ERROR:root:unsupported operand type(s) for -: 'str' and 'float': value=X, range=(0.1, 10)


random: 3.807947176588889
  0.1 label: 0.0
  1.2000000000000002 label: 0.11111111111111112
  2.3000000000000003 label: 0.22222222222222224
  3.4000000000000004 label: 0.33333333333333337
  4.5 label: 0.4444444444444445
  5.6 label: 0.5555555555555556
  6.7 label: 0.6666666666666667
  7.800000000000001 label: 0.7777777777777779
  8.9 label: 0.888888888888889
  10.0 label: 1.0
  15.0 label: 1.505050505050505
  X label: 0.5


## DateField

Dates are a bit more complicated since they have years, months, days, hours, minutes, seconds and milliseconds. And not even taking into account timezones and leap seconds.

Fortunately there is a simple solution. We can transform them to *Unix time*, which is basically a number representing the number of seconds that have passed since January 1, 1970. The standard library already has functions that take care of this conversion for us, taking leap seconds and everything into account.

Transformed as a number, we can now use the same method as with numbers going between 0 and the current time.

In [9]:
from datetime import datetime

class DateField(NumericalField):
  def __init__(self, name):
    super().__init__(name, 0, datetime.now().timestamp())

np.random.seed(42)
field = DateField('Test field name')
print(f"random: {field.generate_random()}")
for value in np.linspace(field.min_value, field.max_value, 10):
  print(f"  {value} label: {field.estimate_label(value)}")
print(f"  X label: {field.estimate_label('X')}")

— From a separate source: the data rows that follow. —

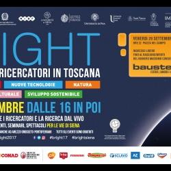 In Tuscany, "Bright 2017" is celebrated with the support of the Region, the involvement of the Universities of Pisa, Florence, Siena, Siena-Foreigners, Research Centers and High Schools and offers a rich bill of events, initiatives and shows that will take place from the afternoon until late at night in Arezzo, Calci, Florence, Grosseto, Lucca, Pisa, Pontedera, Portoferraio, Prato, Siena and Viareggio.
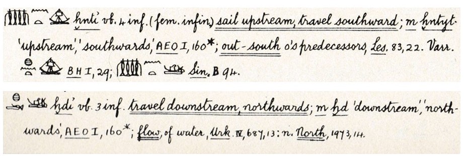 The prevailing winds of Nile valley come from the North and so the sailing boats could propel boats travelling south by those winds whilst those travelling north would rely on the use of oars and the currents[3]. The use of boats as a form of travel was so ingrained in the psyche of the ancient Egyptian that it was natural for boat travel to form part of the hieroglyphic language and religious rhetoric. In hieroglyphs travelling north even in the case of overland travel consists of a boat with sails down and lowered oars whilst travelling to the south the boat with its sails up (Figure 3). In the religious views of the ancient Egyptians, the boat was the mode of transport for the sun god Ra as he travelled a night through the underworld to sail the sky ushering the sun across the sky during the day(Figure 4).
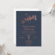 Crie um convite personalizado e esplêndido, chique e minimalista para seu casamento ou aniversário. Este convite para o casamento apresenta um roteiro de caligrafia espaçoso e bonito escrevendo em letra falsa de folha de ouro rosa com fundo azul marinho. Você pode personalizá-lo facilmente com seu próprio texto e personalizá-lo de acordo com o seu gosto. Por favor, note: "-The- Wedding" e a trabalho de arte do anel não podem ser editadas. Nota complementar: O rosa de folha de ouro é um efeito de folha de ouro falso rosa. Não é a folha de ouro de rosa a quente.
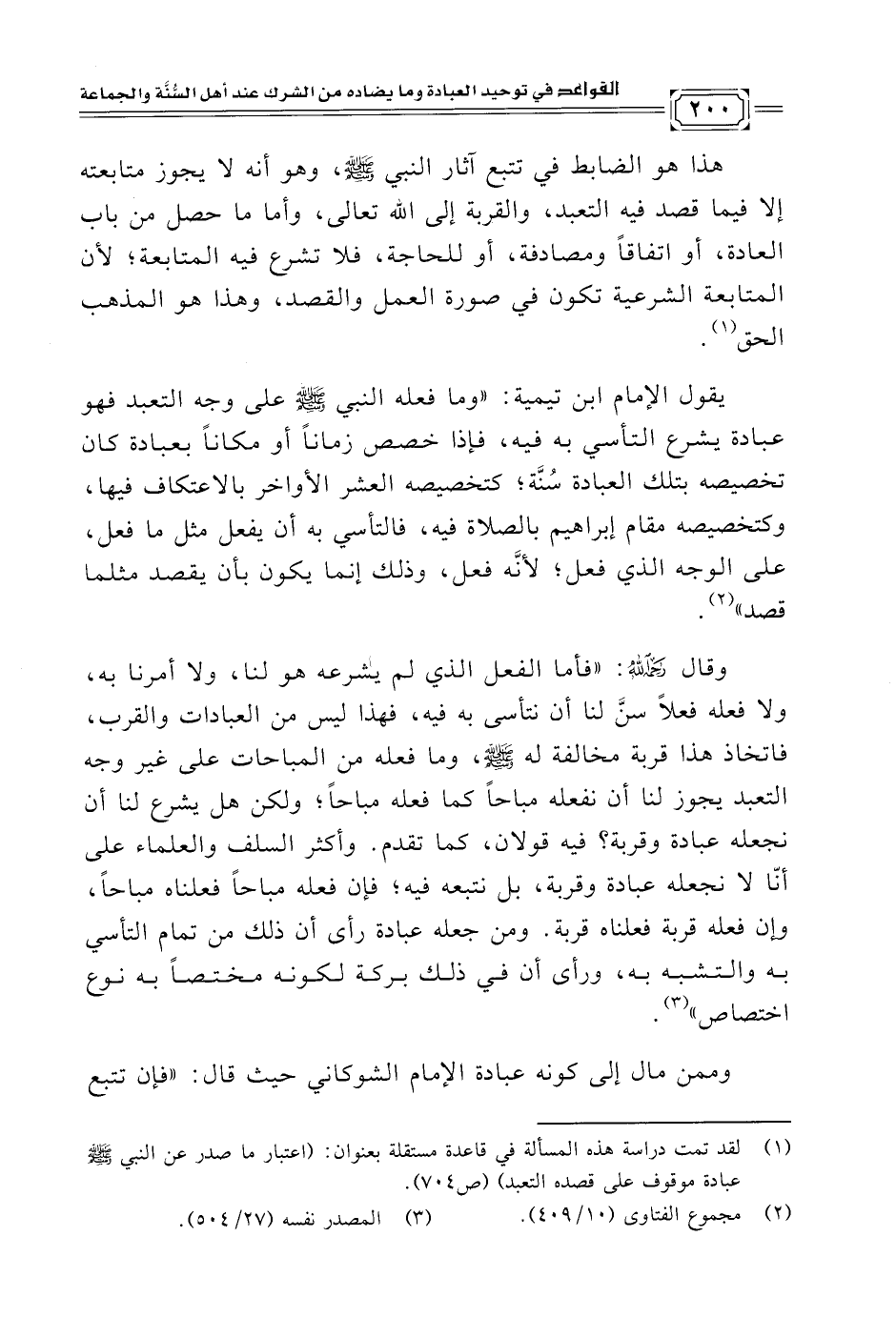 وقال -رحمه الله-: "فأما الفعل الذي لم يشرعه هو لنا، ولا أمرنا به، ولا فعله فعلًا سنَّ لنا أن نتأسى به فيه، فهذا ليس من العبادات والقرب، فاتخاذ هذا قربة مخالفة له -صلى الله عليه وسلم-، وما فعله من المباحات على غير وجه التعبد يجوز لنا أن نفعله مباحًا كما فعله مباحًا؛ ولكن هل يشرع لنا أن نجعله عبادة وقربة؟ فيه قولان، كما تقدم. وأكثر السلف والعلماء على أنّا لا نجعله عبادة وقربة، بل نتبعه فيه؛ فإن فعله مباحًا فعلناه مباحًا، وإن فعله قربة فعلناه قربة. ومن جعله عبادة رأى أن ذلك من تمام التأسي به والتشبه به، ورأى أن في ذلك بركة لكونه مختصًا به نوع اختصاص" (¬٣).

ERROR:root:unsupported operand type(s) for -: 'str' and 'int': value=X, range=(0, 1554441094.707533)


random: 582200552.3529836
  0.0 label: 0.0
  172715677.18972588 label: 0.1111111111111111
  345431354.37945175 label: 0.2222222222222222
  518147031.5691776 label: 0.3333333333333333
  690862708.7589035 label: 0.4444444444444444
  863578385.9486294 label: 0.5555555555555556
  1036294063.1383553 label: 0.6666666666666666
  1209009740.3280811 label: 0.7777777777777778
  1381725417.517807 label: 0.8888888888888888
  1554441094.707533 label: 1.0
  X label: 0.5


In [10]:
class InstallationDate(DateField):
  def __init__(self):
    super().__init__('installation_date')

np.random.seed(42)
field = InstallationDate()
print(f"random: {field.generate_random()}")
for value in np.linspace(field.min_value, field.max_value, 10):
  print(f"  {value} label: {field.estimate_label(value)}")
print(f"  X label: {field.estimate_label('X')}")

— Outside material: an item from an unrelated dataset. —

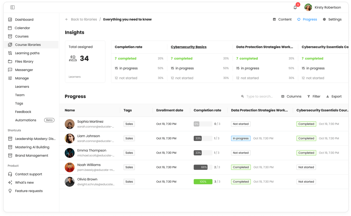 It’s a flexible and customizable LMS, supporting live, instructor-led, and self-paced training. Moreover, it offers advanced admin and role levels, AI-powered tools, and flexible content and tool integrations.
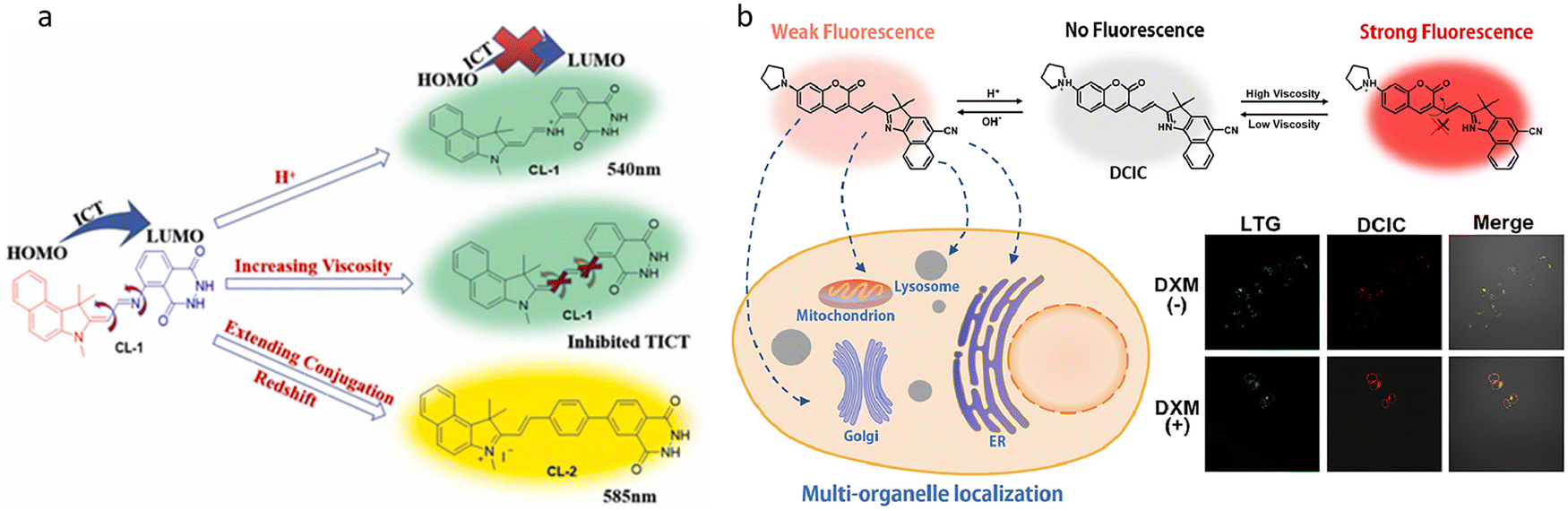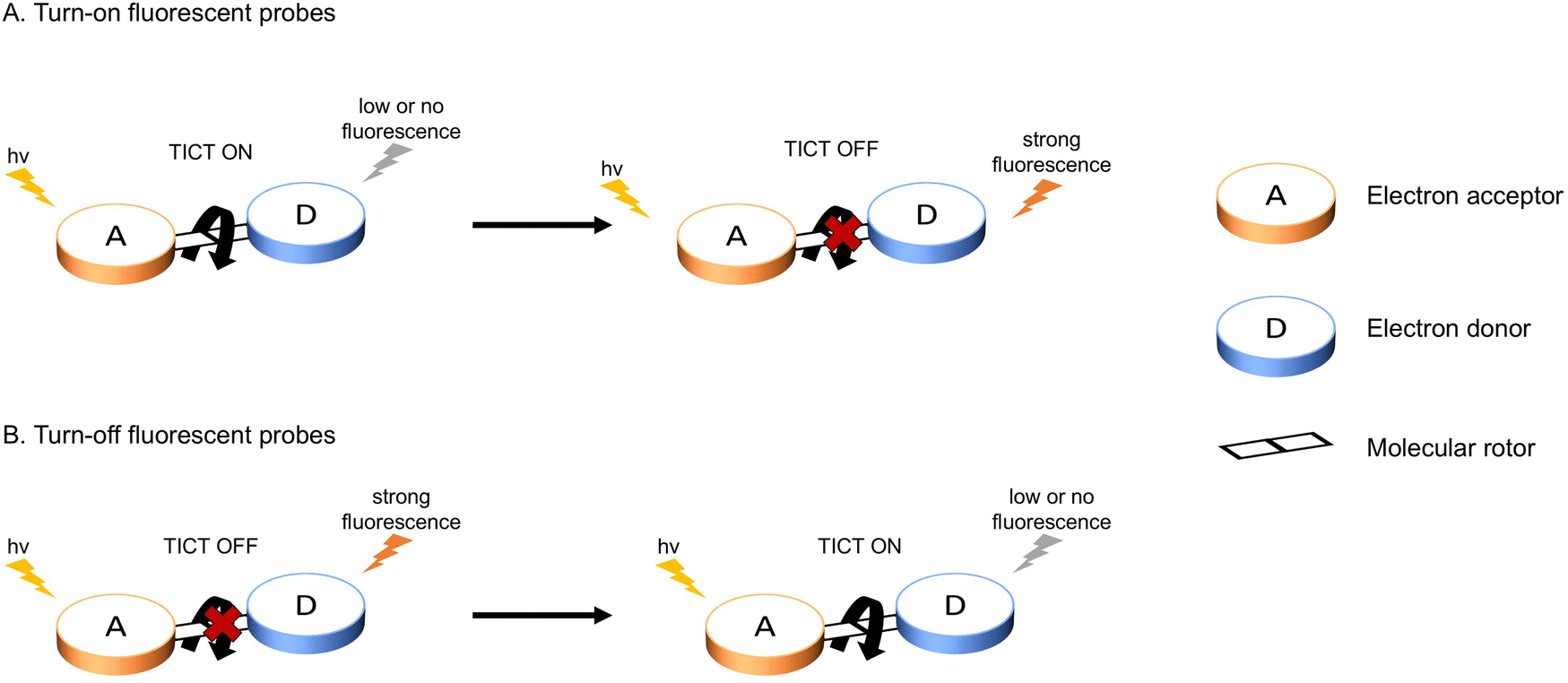 This review discusses recent advances in the development of fluorescent probes based on TICT. We focus on probes designed to detect important species in the environment or biological context. We discuss their main working mechanisms and limitations. In addition, we provide our own perspective on these probes. Finally, the current challenges and future opportunities for the development of TICT-based fluorescent probes are outlined.

ERROR:root:unsupported operand type(s) for -: 'str' and 'int': value=X, range=(0, 1554441095.319178)


random: 582200552.5820693
  0.0 label: 0.0
  172715677.25768647 label: 0.11111111111111112
  345431354.51537293 label: 0.22222222222222224
  518147031.77305937 label: 0.3333333333333333
  690862709.0307459 label: 0.4444444444444445
  863578386.2884324 label: 0.5555555555555556
  1036294063.5461187 label: 0.6666666666666666
  1209009740.8038054 label: 0.7777777777777779
  1381725418.0614917 label: 0.888888888888889
  1554441095.319178 label: 1.0
  X label: 0.5


## Schema

We'll now put together all the fields into a schema. This will allow us to access the columns and to generate new pipes.

Note that we also have a `columns_training()` method, which basically adds a label column. This `label` column is the value the Machine Learning model will try to learn to predict.

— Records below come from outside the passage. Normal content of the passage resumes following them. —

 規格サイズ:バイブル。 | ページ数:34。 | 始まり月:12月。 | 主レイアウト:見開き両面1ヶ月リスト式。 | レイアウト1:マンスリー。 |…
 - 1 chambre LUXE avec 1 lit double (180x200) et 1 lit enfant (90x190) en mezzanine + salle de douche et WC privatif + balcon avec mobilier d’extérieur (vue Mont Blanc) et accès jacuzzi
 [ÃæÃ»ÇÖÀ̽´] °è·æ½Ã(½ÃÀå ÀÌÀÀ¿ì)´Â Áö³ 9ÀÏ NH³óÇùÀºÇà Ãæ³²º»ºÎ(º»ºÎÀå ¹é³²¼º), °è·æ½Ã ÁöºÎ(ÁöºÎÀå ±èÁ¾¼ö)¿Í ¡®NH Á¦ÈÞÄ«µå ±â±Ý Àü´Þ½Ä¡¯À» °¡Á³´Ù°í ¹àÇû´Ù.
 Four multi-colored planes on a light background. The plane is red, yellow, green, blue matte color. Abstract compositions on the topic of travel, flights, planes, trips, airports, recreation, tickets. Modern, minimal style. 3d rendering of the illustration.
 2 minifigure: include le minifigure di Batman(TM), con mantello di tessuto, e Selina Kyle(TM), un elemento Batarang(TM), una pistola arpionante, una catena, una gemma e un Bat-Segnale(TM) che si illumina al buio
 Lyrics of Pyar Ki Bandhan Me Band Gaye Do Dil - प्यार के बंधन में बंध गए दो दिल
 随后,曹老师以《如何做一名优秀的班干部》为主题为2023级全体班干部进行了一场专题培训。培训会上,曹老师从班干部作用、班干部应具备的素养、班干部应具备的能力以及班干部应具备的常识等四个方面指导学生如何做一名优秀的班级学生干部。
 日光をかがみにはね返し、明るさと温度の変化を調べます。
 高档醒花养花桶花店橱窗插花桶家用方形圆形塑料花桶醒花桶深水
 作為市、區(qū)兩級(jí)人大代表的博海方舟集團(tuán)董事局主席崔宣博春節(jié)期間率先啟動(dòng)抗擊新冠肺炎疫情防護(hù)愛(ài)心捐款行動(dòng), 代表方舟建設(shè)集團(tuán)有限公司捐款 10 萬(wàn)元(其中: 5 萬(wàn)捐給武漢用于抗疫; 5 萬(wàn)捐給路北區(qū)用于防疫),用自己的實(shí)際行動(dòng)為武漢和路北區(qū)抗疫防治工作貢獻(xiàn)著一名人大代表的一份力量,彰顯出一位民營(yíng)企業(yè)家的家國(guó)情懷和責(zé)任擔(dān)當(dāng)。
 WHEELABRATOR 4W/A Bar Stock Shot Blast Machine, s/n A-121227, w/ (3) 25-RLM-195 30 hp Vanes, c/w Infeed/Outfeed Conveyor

In this case we'll name the number of years between repairs as the **`lifespan`**.

In [11]:
import re

class Schema:
  def __init__(self, fields, id_name='id', label_name='label'):
    self.fields = fields
    self.id_name = id_name
    self.label_name = label_name

  def columns(self):
    return [self.id_name] + [field.name for field in self.fields]

  def columns_training(self):
    return self.columns() + [self.label_name]

  def generate_random(self, element_id, seed=None):
    np.random.seed(seed)
    pipe = {field.name: field.generate_random() for field in self.fields}
    pipe[self.id_name] = element_id
    return pipe

fields = [
    Material(),
    InstallationDate(),
    Diameter(),
    Length(),
]
schema = Schema(fields, id_name='pipe_id', label_name='lifespan')

print(schema.columns())
print(schema.columns_training())
schema.generate_random(0, seed=42)

['pipe_id', 'material', 'installation_date', 'diameter_in_inches', 'length_in_miles']
['pipe_id', 'material', 'installation_date', 'diameter_in_inches', 'length_in_miles', 'lifespan']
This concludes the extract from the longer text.